WHAT TO WORK ON
The response should contain only those lines of the entries below that include the string "zuten".

== Segment start ==

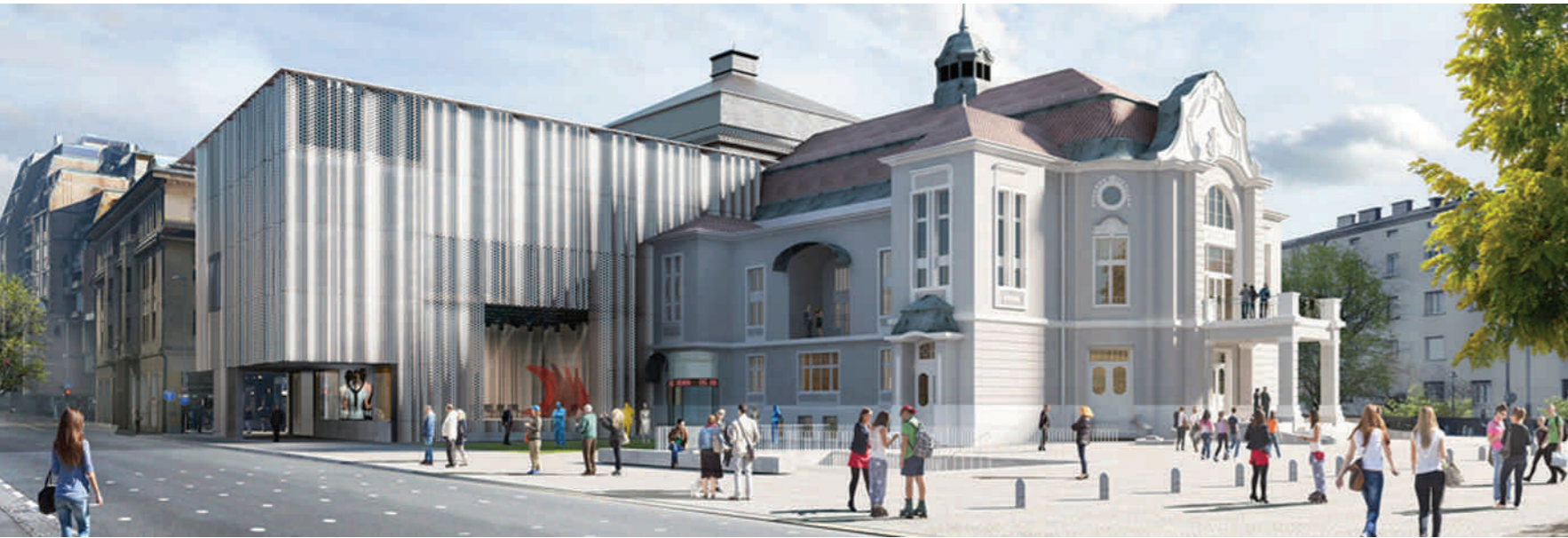
Perspectiva de la propuesta de renovación y ampliación del Teatro Nacional de Eslovenia, Bevk Perovič arhitekti, Ljubljana, 2017. Urban Petranovič y Mitja Usenik.

Finalmente, en lo que se refiere a la representación arquitectónica, para muchos arquitectos el avance de los renders y las sofisticadas imágenes producidas por los programas de modelado digital han puesto en jaque el rol del dibujo a mano y las representaciones bidimensionales como herramientas de exploración y propuesta proyectual. Más aún, algunos han llegado a preguntarse si “el efecto actual de las computadoras en el dibujo de arquitectura será tan importante como el de la introducción del papel,” 19 o bien sí, con el avance de las técnicas digitales, “¿ha muerto el dibujo?” 20 En esta línea, ciertos profesionales han encontrado, en la recuperación de la estética naif, en los colores suaves y en la simplificación gráfica, la posibilidad de diferenciarse del fotorrealismo característico de las aplicaciones digitales más difundidas. Sin embargo, no es posible desconocer que, como parte de sus estrategias de comunicación didáctica, estas representaciones frecuentemente combinan técnicas análogas con aquéllas ofrecidas por programas de manipulación de imágenes –muchos de ellos de uso gratuito en la nube–, al copiar y pegar partes, agregar filtros, suavizar áreas, entre otros procedimientos híbridos. 21 Esta modalidad puede ser identificada en obras recientes de numerosos estudios jóvenes.
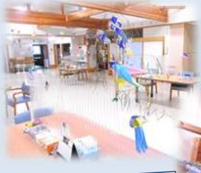
各席の亚克力板にもミニ七夕飾り!

例年ならば、一般的な七夕飾りのみでしたが、今年が初めて「天の川」を創作で制作しました。
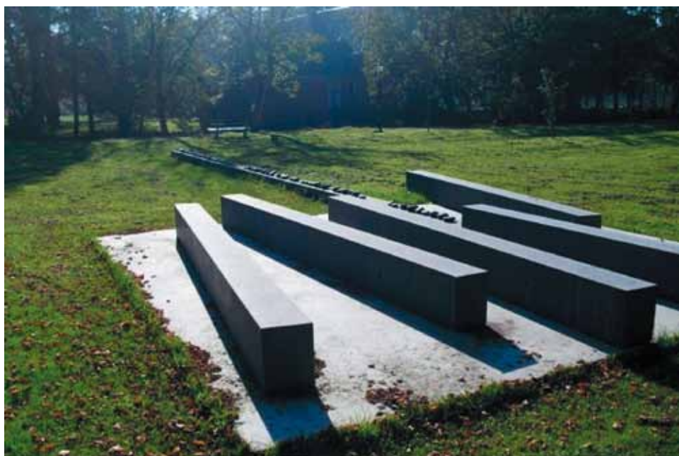
Kunst om te gedenken

Ik droomde dat ik bij een brand stond Feller dan de heetste zon De groene brandweerwagen reed hard weg Ik droomde dat ik bij een brand stond Vonken knetterden omhoog in het donker Ik zocht mijn broertje en de hond Ik droomde dat ik bij een brand stond Feller dan de heetste zon
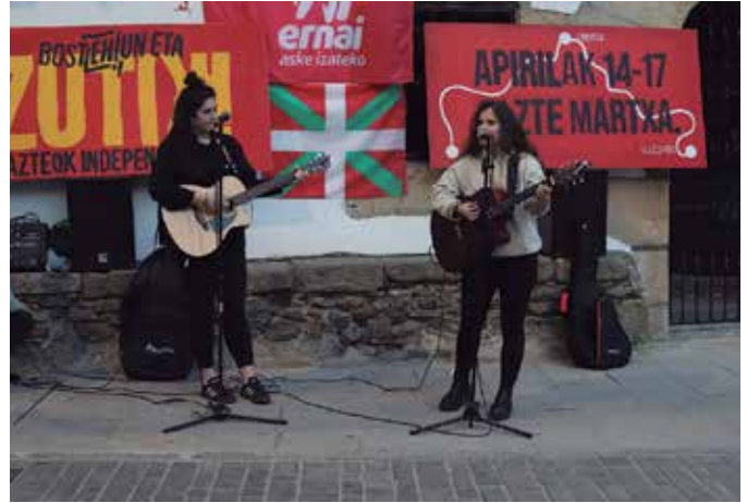
Herriko musikariek girotu zuten Ernaik antolaturiko ekitaldia.

Apirilaren 14tik 17ra Baztanen ospatuko den Gazte Martxa aurkeztu zuten Aitzaga aurrean ostiral arratsaldean. Baztanera joateko autobusak antolatuko dituzte eta nahi duten herritarrek parte hartzeko aukera izango dute.
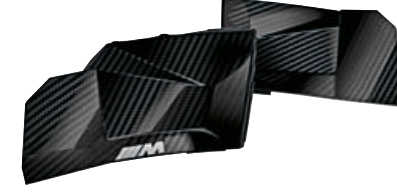
7 M karbon iç sürücü bölümü döşemesi
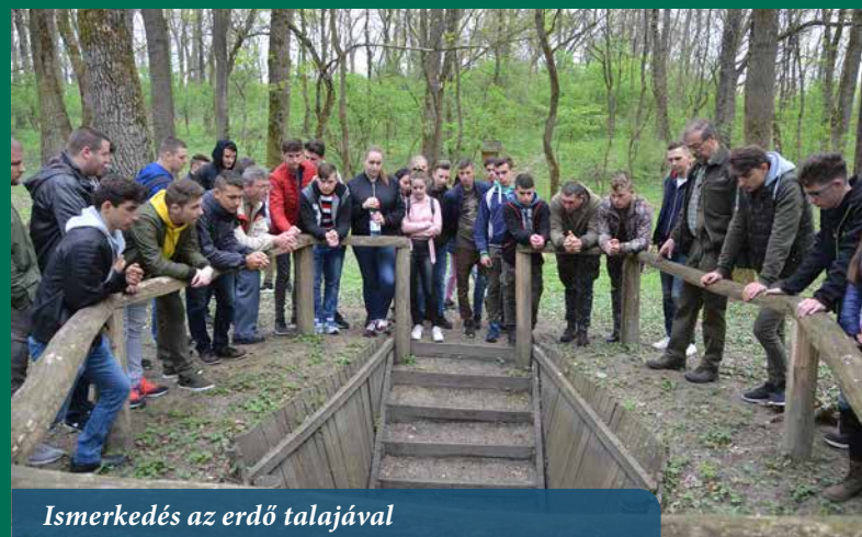
Ismerkedés az erdő talajával
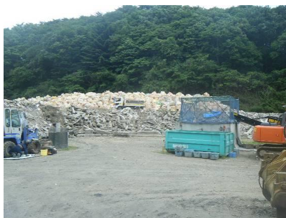
フレコンパックを用いて保管された肥料

なお、飼料、肥料の防湿を図る手段としては、このほか、保管場所の屋根の設置やブルーシート等による養生が考えられますが、この場合、水溜まりの発生防止や強風時における飛散防止のための対策を講じる必要があります。
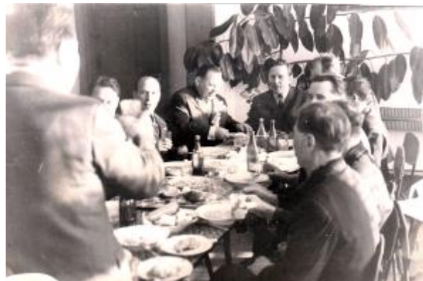
Встречи в Коломинских Гривах
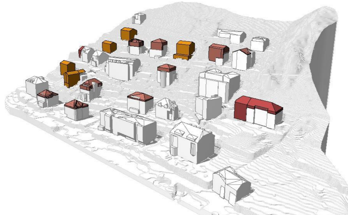
MODELL KUBATURVERTEILUNG DURCHFÜHRUNGSPLAN - ANSICHT SÜDOST MODELLO DISTRIBUZIONE DELLA CUBATURA PIANO DI ATTUAZIONE - VISTA SUD EST
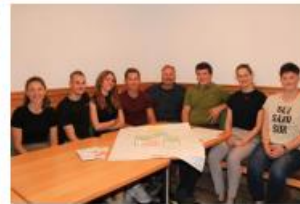
Jugendforum Nockberge 2022

https://www.euro-mab.org/en/activities/youth-forum-2022

== Segment end ==

YOUR RESPONSE
Herriko musikariek girotu zuten Ernaik antolaturiko ekitaldia.
Apirilaren 14tik 17ra Baztanen ospatuko den Gazte Martxa aurkeztu zuten Aitzaga aurrean ostiral arratsaldean. Baztanera joateko autobusak antolatuko dituzte eta nahi duten herritarrek parte hartzeko aukera izango dute.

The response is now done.